Everything from the line that contains "Innerhalb der unregelmäßigen" through the last line below should be transcribed exactly, except the pictures.

* _RAW DATA_
_ _ _ _

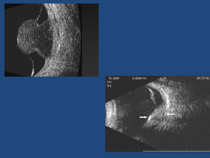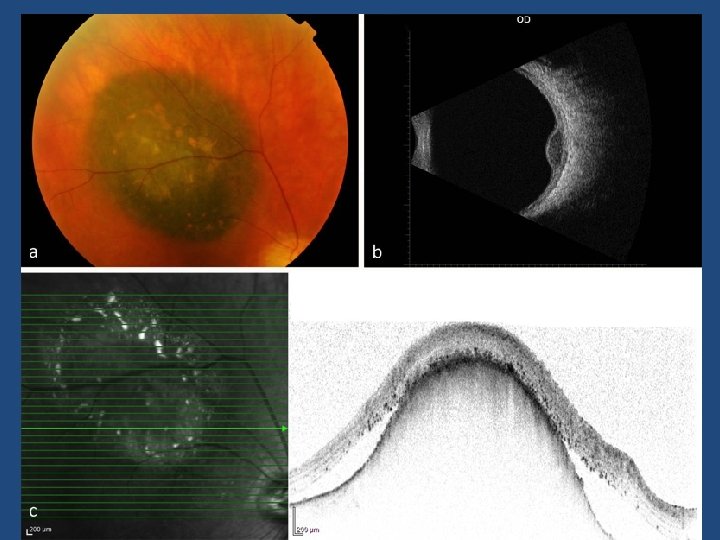 Ultrasound vs OCT-EDI • OCT-EDI measurements are approximately 50% less thick than USB measurements (i. e. a 3 mm lesion on USB will measure 1. 5 mm on OCT-EDI) • USB cannot detect/measure lesions <0. 75 mm thick – these can be measured with OCT-EDI • OCT-EDI less helpful as tumours enlarge (>3 mm) • The lesion must be at least 1. 5 mm thick on USB measurement before meaningful comments on echogenicity can be made • USB echogenicity is determined by the density of cellularity of the tissue comprising the lesion (the denser the tissue the lesser the internal reflectivity) • OCT-EDI appearance is determined by the amount of pigment in the lesion and does not correlate to ultrasonic internal reflectivity • OCT-EDI offers a better estimate of the true dimensions of the lesion compared to USB
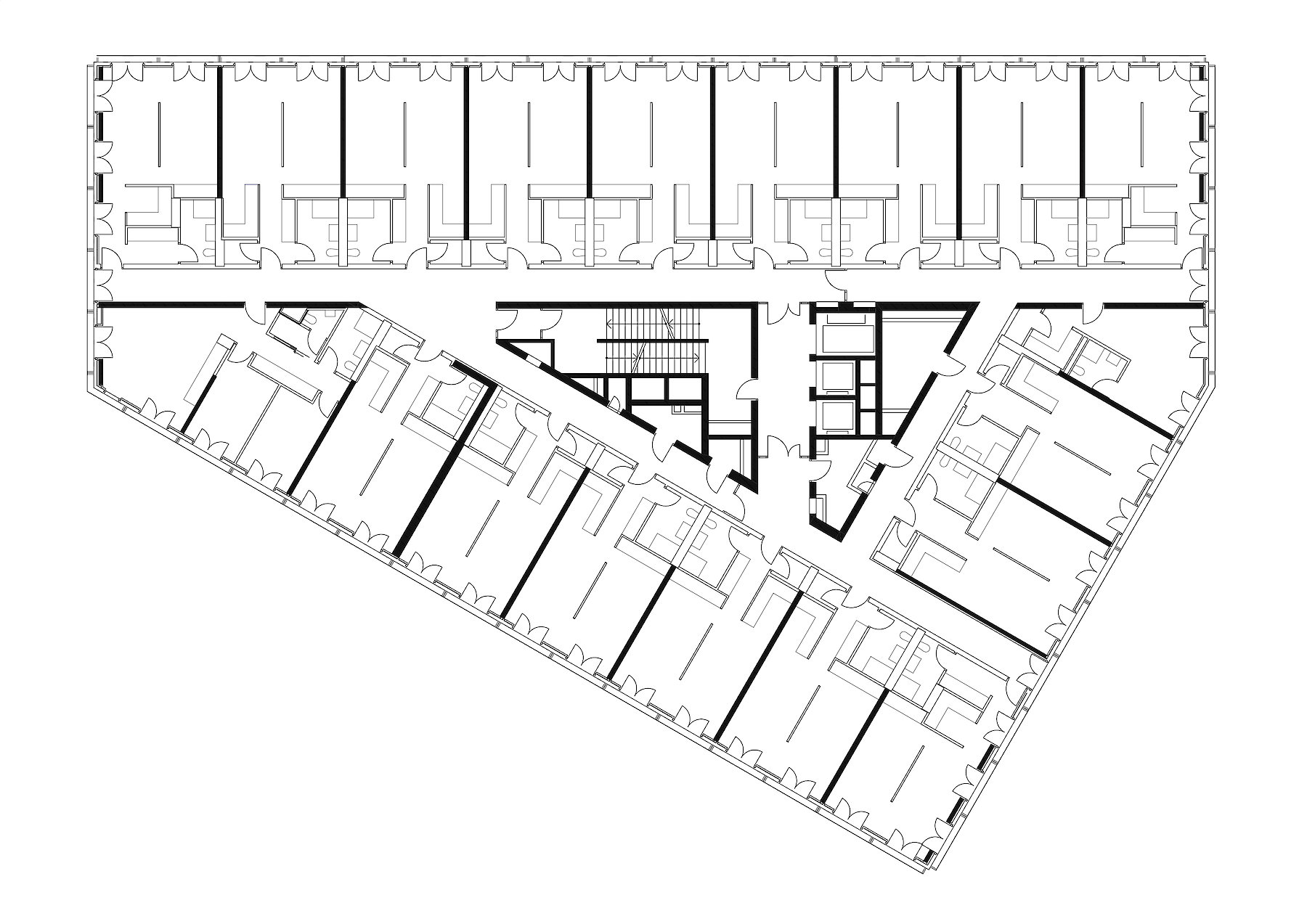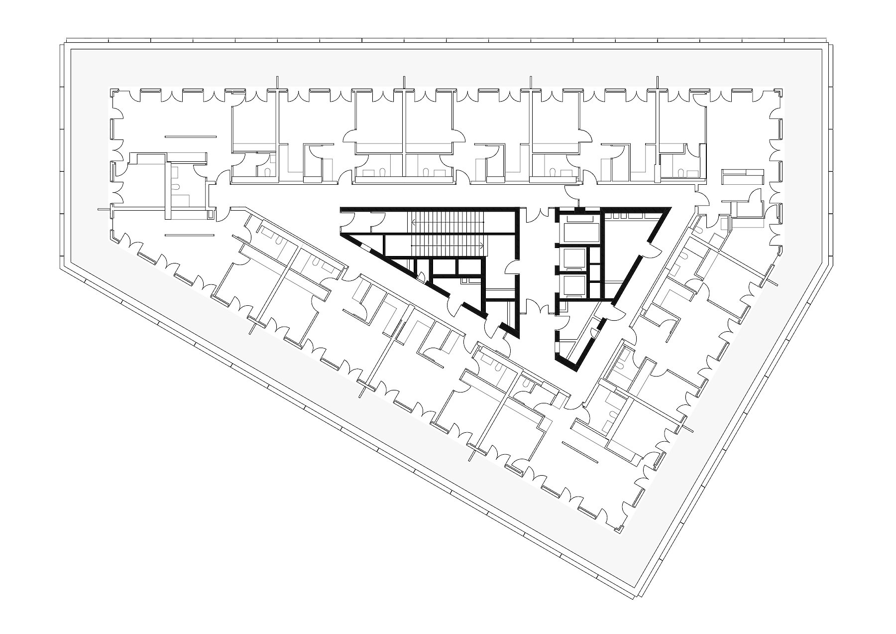 Innerhalb der unregelmäßigen Kontur dieser Grundstücksfläche waren Kleinwohnungen anzuordnen, die vor allem den Bedarf der angrenzenden UNO City abdecken sollen.
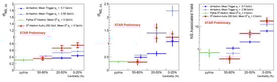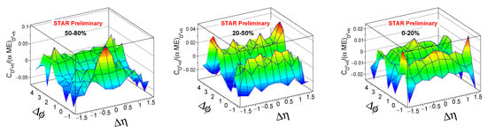 -hadron correlations from Au + Au collisions at = 200 GeV collisions at STAR. The left-most plot is most-peripheral (50–80%), the center is mid-central (20–50%) and the right-most plot is most-central (0–20%).
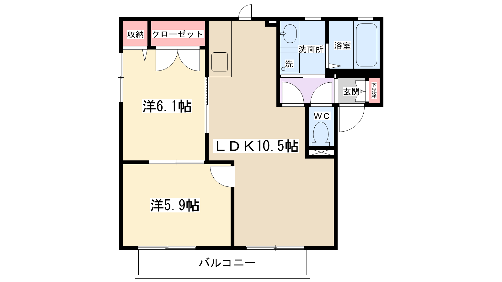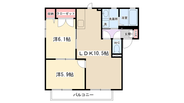 | 間取り内訳 | LDK10.5帖・洋室6.1帖・洋室5.9帖 | 駐車場 | なし | ||||

_ _ _ _

* _EXPECTED ANSWER_
 Innerhalb der unregelmäßigen Kontur dieser Grundstücksfläche waren Kleinwohnungen anzuordnen, die vor allem den Bedarf der angrenzenden UNO City abdecken sollen.
 -hadron correlations from Au + Au collisions at = 200 GeV collisions at STAR. The left-most plot is most-peripheral (50–80%), the center is mid-central (20–50%) and the right-most plot is most-central (0–20%).
 | 間取り内訳 | LDK10.5帖・洋室6.1帖・洋室5.9帖 | 駐車場 | なし | ||||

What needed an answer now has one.